Capitalism's bad rap

Having just read an attack on capitalism on the grounds it is inhuman I have been pondering why it is so detested by the left or even some religious conservatives. They talk of the money changers and how Christ threw them out of the temple. I put it down to their own psychological flaws and shortcomings which they project onto a system that exposes those flaws to the glaring light of reality. Where there is no competition there can be no failure.

This particular writer seems to be against non face to face business transactions but unless we return to a primitve communal communistic barter system of rudimentary exchange on a localised level, a hand to mouth existence with no material luxuries it is unrealistic not to say regressive, atavistic, primitivism of the rankest and desperate kind.

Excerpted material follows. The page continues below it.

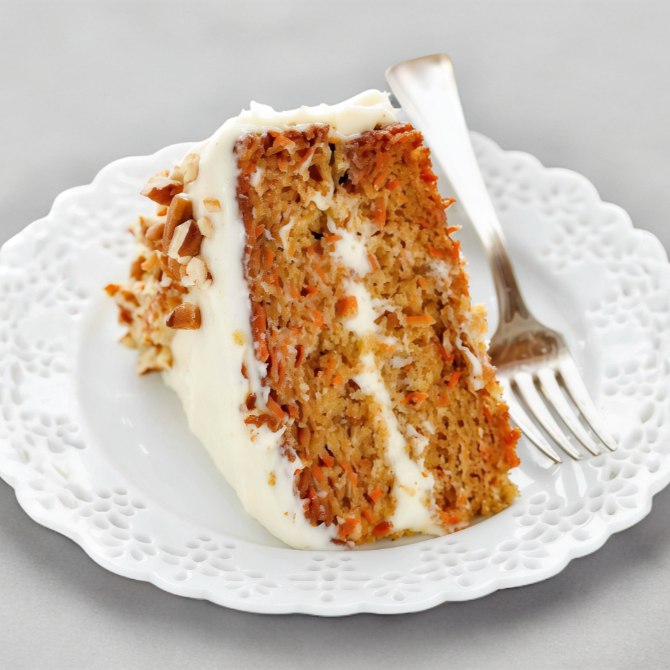 La cubierta es de betún de queso crema y pan acanelado con ralladura de zanahoria y nuez.
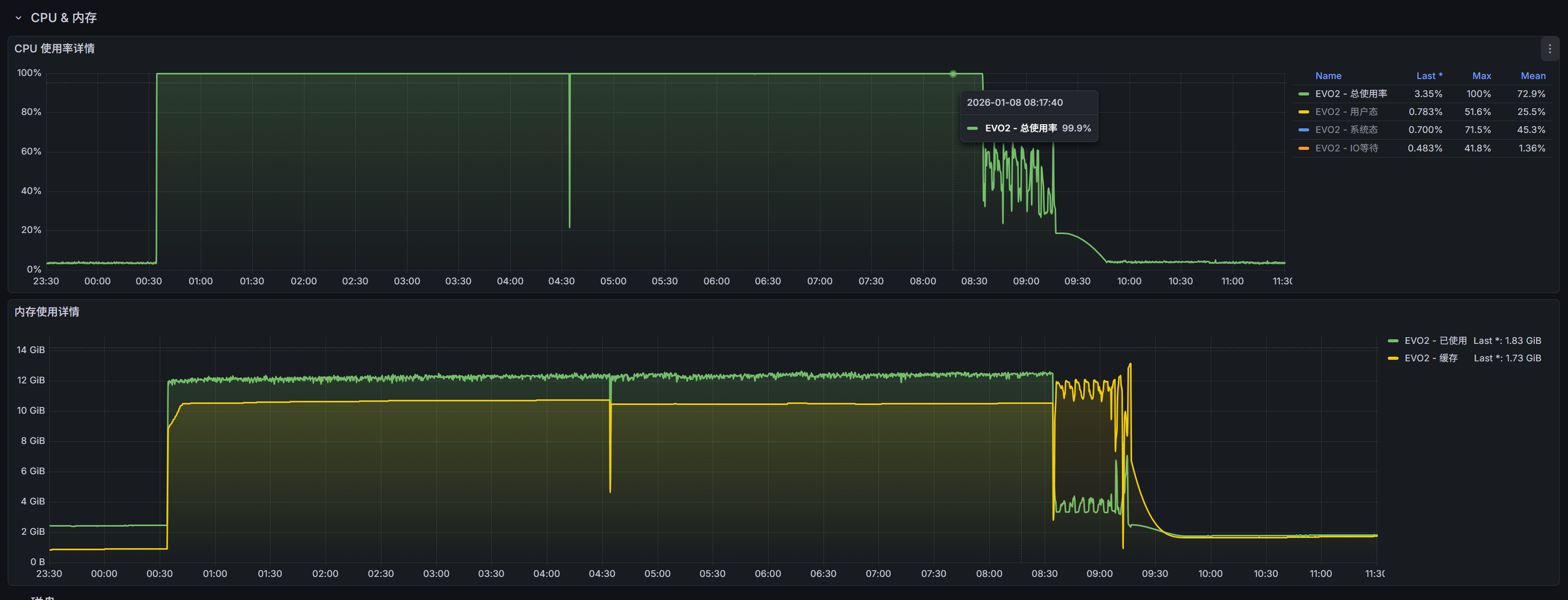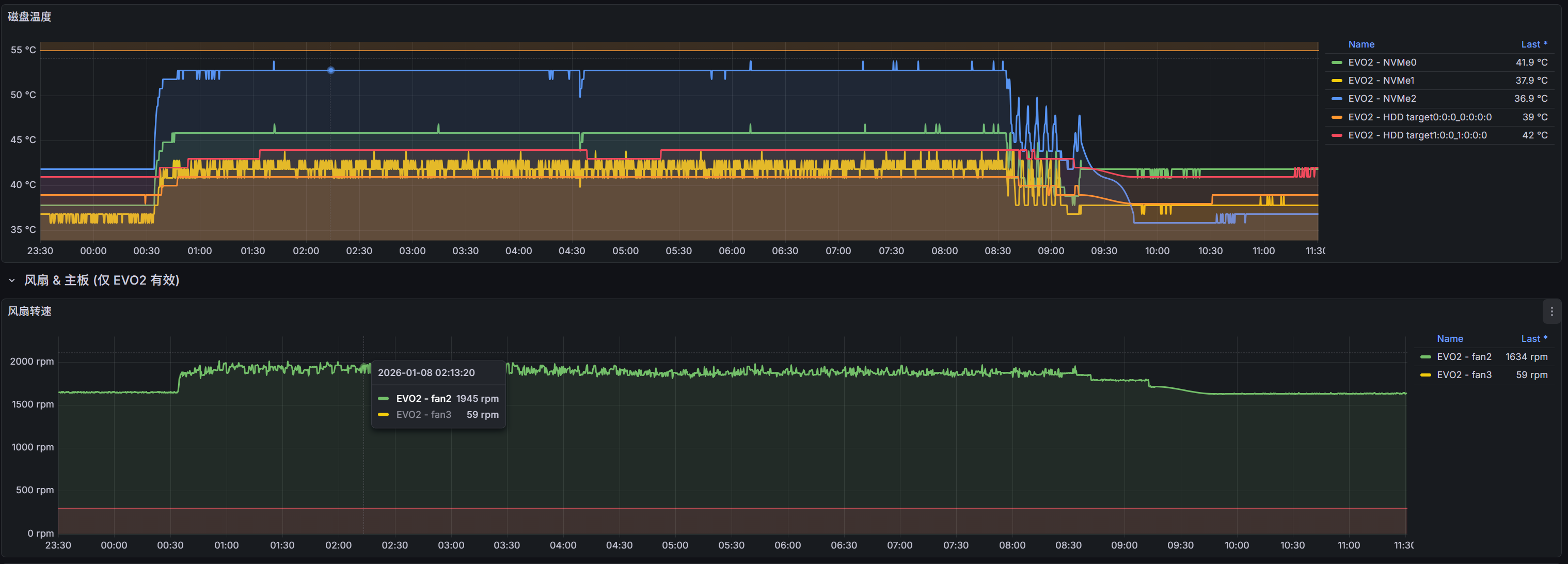 昨晚拿两块32T(未上市)的氦气企业盘,与两块8T固态这种最极限的硬盘使用环境,在室温30度的机房里面对EVO2进行双烤压测 (除了硬盘满载读写之外,对CPU也进行满载烤机,这个会比该博主的测试压力更大)。我们可以看看实际的CPU核心温度与硬盘温度,都在健康的范围内。

He goes on to say that the attack on the WTC exposed America's weak economic underbelly and revealed the tentative contingent and compromise modern trade system with its precarious foundations. On the contrary the globalised reach of capitalism with its movement of intellectual property is the cornerstone of wealth production and has its greatest expression in America, the cornucopia of capitalism from which this ungrateful mental and moral pygmy resides.

If Conservatives have such an ambivalent if not hostile attitude to capitalism is it any wonder the intellectual barbarians of the left are encroaching on our liberties and freedoms from the academic centres of America, through the media to the hearts and minds of the American people.

4 comments:

Sky Captain said...

Religious Right?
I think I should point out something.
They performed an experiment to prove that 'prayer helps'.
Unfortunately, seeking to 'prove' that god exists is a heresy, as god is a matter of faith.

niconoclast said...

I don't think they are seeking proof for themselves but for the unbelievers who need empirical proof if that is the right word.

Raw Carrot said...

I think a more monstrous load of bullshit is the whole:

"Fair" Trade vs "Free" Trade

niconoclast said...

As an associate once said to me "you shouldn't charge what is 'fair' but what the market can stand".